=== WORK INSTRUCTIONS ===
Leave the images aside and repeat the whole listing exactly.

=== SOURCE DATA ===
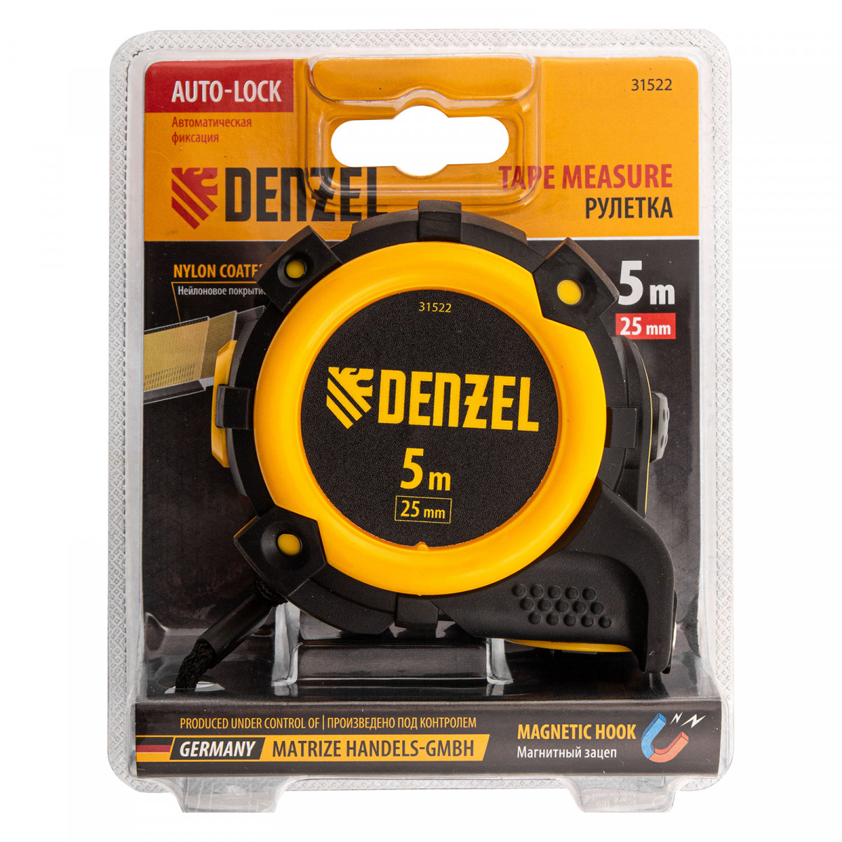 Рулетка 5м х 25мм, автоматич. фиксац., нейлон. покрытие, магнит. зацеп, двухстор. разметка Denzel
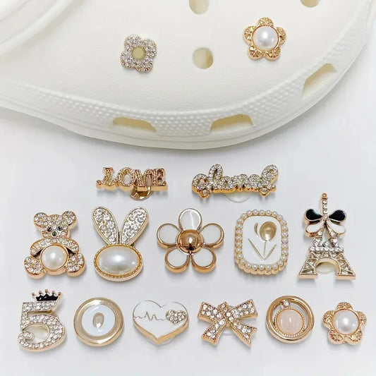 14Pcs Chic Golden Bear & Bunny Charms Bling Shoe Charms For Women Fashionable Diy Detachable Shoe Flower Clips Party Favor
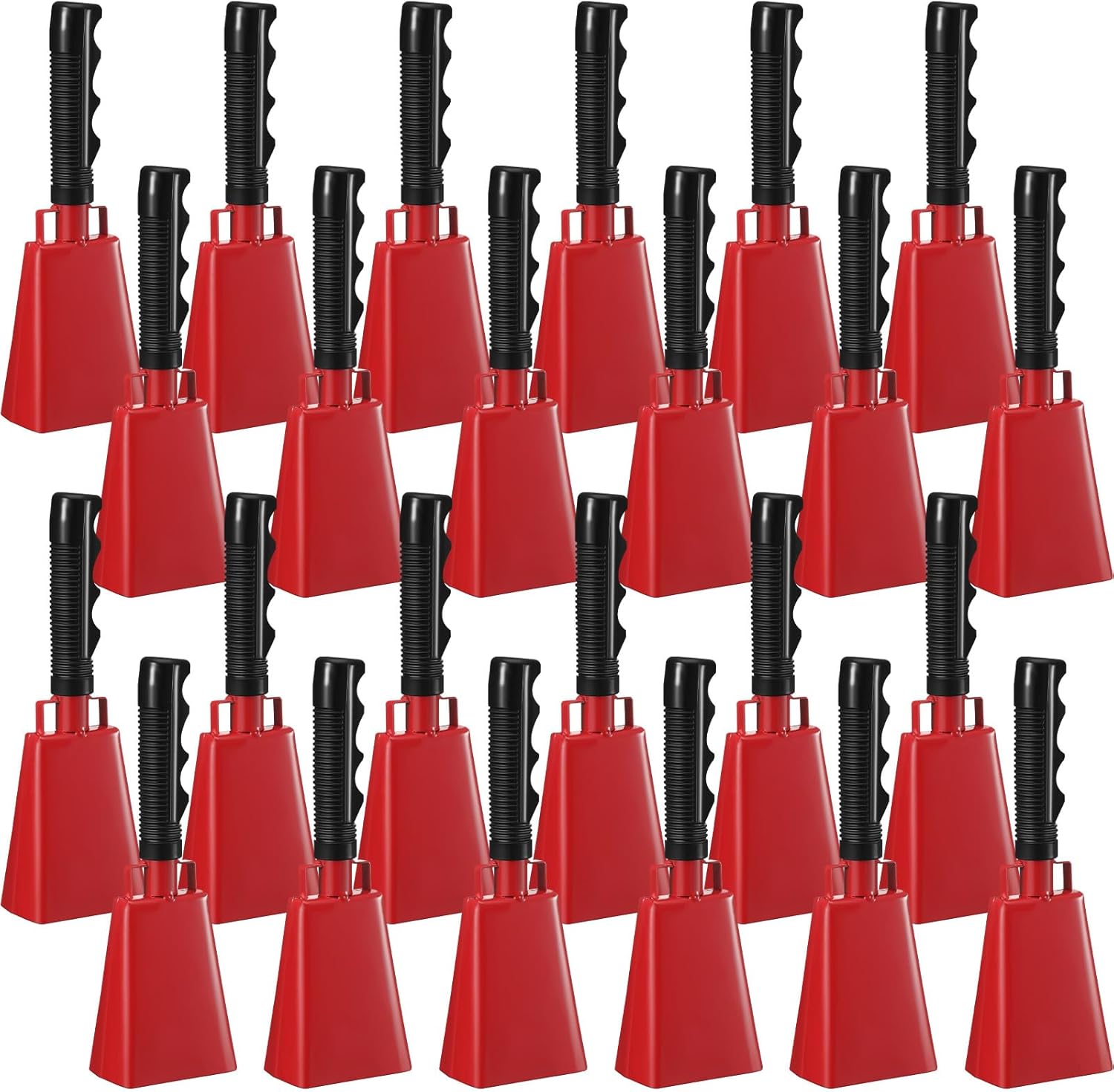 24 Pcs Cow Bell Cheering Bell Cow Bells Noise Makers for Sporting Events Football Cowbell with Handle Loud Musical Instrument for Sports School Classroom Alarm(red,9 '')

=== SOLUTION ===
 Рулетка 5м х 25мм, автоматич. фиксац., нейлон. покрытие, магнит. зацеп, двухстор. разметка Denzel
 14Pcs Chic Golden Bear & Bunny Charms Bling Shoe Charms For Women Fashionable Diy Detachable Shoe Flower Clips Party Favor
 24 Pcs Cow Bell Cheering Bell Cow Bells Noise Makers for Sporting Events Football Cowbell with Handle Loud Musical Instrument for Sports School Classroom Alarm(red,9 '')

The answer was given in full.